Brian Pressman
Brian Pressman

Reputation: 29

using a case when to identify if a timestamp = 'null'

I'm trying to construct a case when statement in BQ on a timestamp column called version_end_ts. Specifically I want my statement to read:

case when version_end_ts = 'null' then 'active' else 'past' end as status

Problem is BQ is is telling me that it "Could not cast literal "null" to type TIMESTAMP". Is there a way to return a positive flag in my case when if the timestamp is missing? I searched high and low and couldn't find an answer to this one.

Thank you in advance for your help.

Brian

version_end_ts

Upvotes: 0

Views: 5888

Answers (2)

Mikhail Berlyant
Mikhail Berlyant

Reputation: 173046

Below is yet another option (BigQuery Standard SQL)

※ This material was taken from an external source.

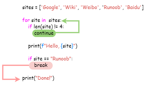 break 语句可以跳出 for 和 while 的循环体。如果你从 for 或 while 循环中终止,任何对应的循环 else 块将不执行。

IF(version_end_ts IS NULL, 'active', 'past') AS status   

It is matter of preferences - i usually prefer less verbose options

You can check above with dummy data as below

#standardSQL
WITH `project.dataset.table` AS (
  SELECT NULL AS version_end_ts UNION ALL
  SELECT CURRENT_TIMESTAMP() 
)
SELECT 
  version_end_ts, 
  IF(version_end_ts IS NULL, 'active', 'past') AS status
FROM `project.dataset.table`  

with result as

Row version_end_ts                  status   
1   null                            active   
2   2018-08-16 05:24:53.221575 UTC  past     

Upvotes: 1

Tim Biegeleisen
Tim Biegeleisen

Reputation: 522074

I couldn't find an exact duplicate for your question, at least not for BigQuery. In BigQuery (and most flavors of SQL), NULL is a special value, and checking for the presence/absence of a NULL value uses the special operators IS NULL and IS NOT NULL. So your CASE expression should look something like this:

CASE WHEN version_end_ts IS NULL THEN 'active' ELSE 'past' END AS status

The reason for why we need to use IS NULL rather than = is that NULL, by definition, represents a value which is not known. So it doesn't make sense to compare something not known with the = operator, because it would never be true.